§ Task to complete: Repeat the listing exactly. Do not carry over any pictures.

§ Raw data:
"""
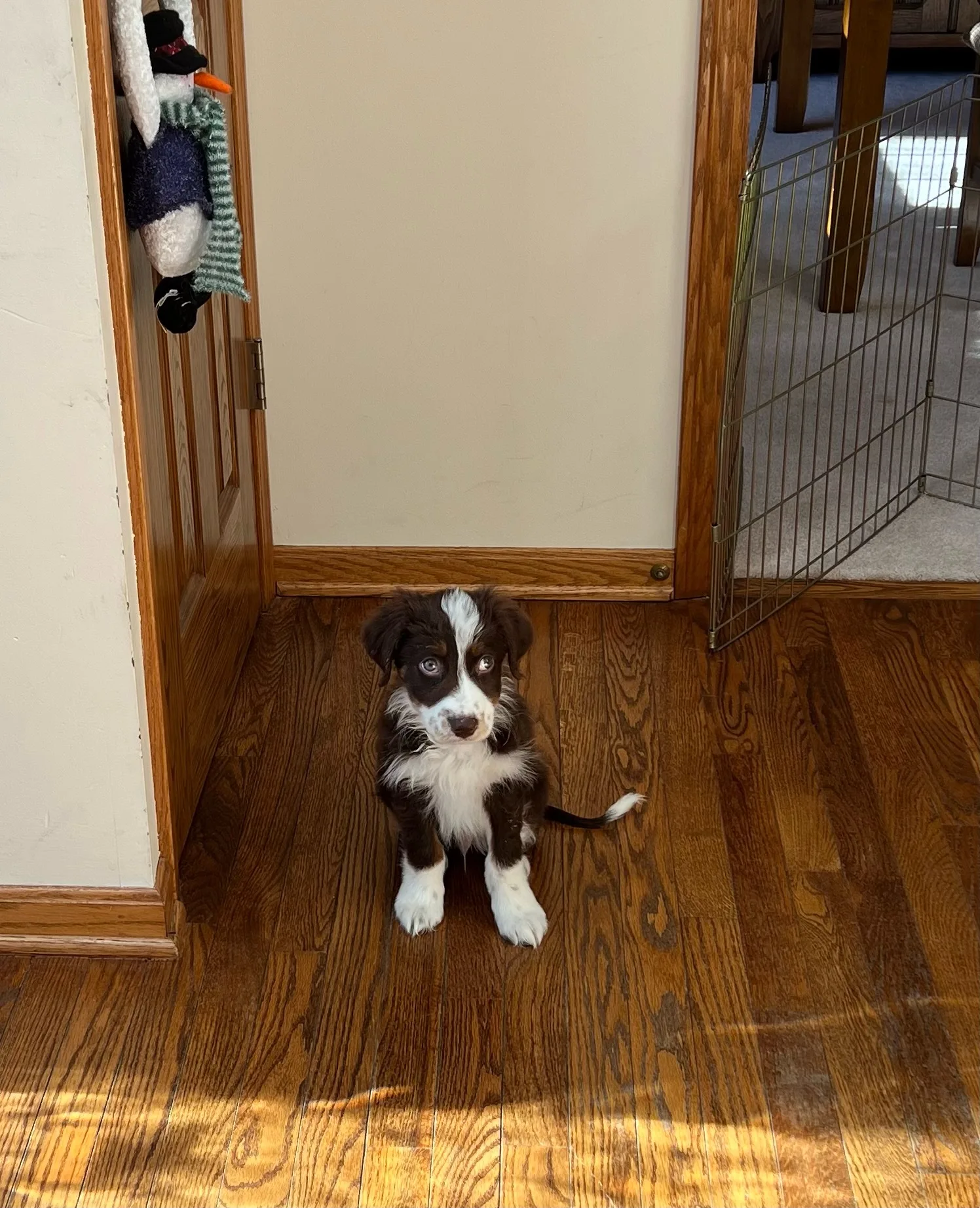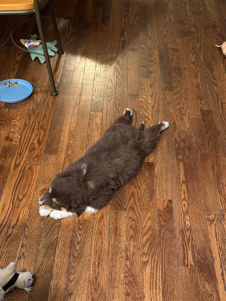 Colton got sick (we think from coccidia). He would not eat or drink and just lay in his bed not wanting to move. It is scary when puppies get sick because they can go downhill so fast. Once we got some fluids in him he turned around pretty quick. The day he started to feel better, I was sitting in the front room with him while I was working and I went to the kitchen to get some water. When I came back Colton had come out of the front room and was sitting in the entryway. He looked a little rough but it was the first time he moved out of the bed in 3 days! I cried, more like sobbed, I was so happy. I told him he just made me the happiest person in the world. Later that day he played tug with Mollie!
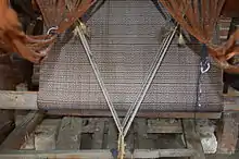Weaving can be done on either a backstrap loom, mostly in indigenous communities or wood frame pedal looms, introduced by the Spanish in the colonial period. Xonacatlan and Ameyalco are two communities that still use the backstrap loom, with pedal looms used in communities such as Coatepec Harinas, Chiconcuac, Texcoco, San Felipe del Progreso, Xonacatlán, Guadalupita. Guadalupita, San Felipe del Progreso and Xonacatlan are particularly known for the making of serapes of naturally dyed wool in this manner.[2][8]
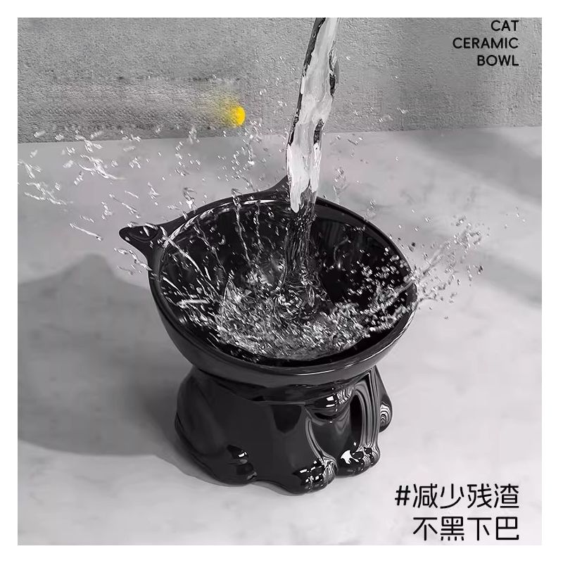猫碗猫食盆黑色喝水碗斜口高脚宠物狗粮食饭碗保护颈椎防打翻猫盆
"""
§ Response:
 Colton got sick (we think from coccidia). He would not eat or drink and just lay in his bed not wanting to move. It is scary when puppies get sick because they can go downhill so fast. Once we got some fluids in him he turned around pretty quick. The day he started to feel better, I was sitting in the front room with him while I was working and I went to the kitchen to get some water. When I came back Colton had come out of the front room and was sitting in the entryway. He looked a little rough but it was the first time he moved out of the bed in 3 days! I cried, more like sobbed, I was so happy. I told him he just made me the happiest person in the world. Later that day he played tug with Mollie!
Weaving can be done on either a backstrap loom, mostly in indigenous communities or wood frame pedal looms, introduced by the Spanish in the colonial period. Xonacatlan and Ameyalco are two communities that still use the backstrap loom, with pedal looms used in communities such as Coatepec Harinas, Chiconcuac, Texcoco, San Felipe del Progreso, Xonacatlán, Guadalupita. Guadalupita, San Felipe del Progreso and Xonacatlan are particularly known for the making of serapes of naturally dyed wool in this manner.[2][8]
猫碗猫食盆黑色喝水碗斜口高脚宠物狗粮食饭碗保护颈椎防打翻猫盆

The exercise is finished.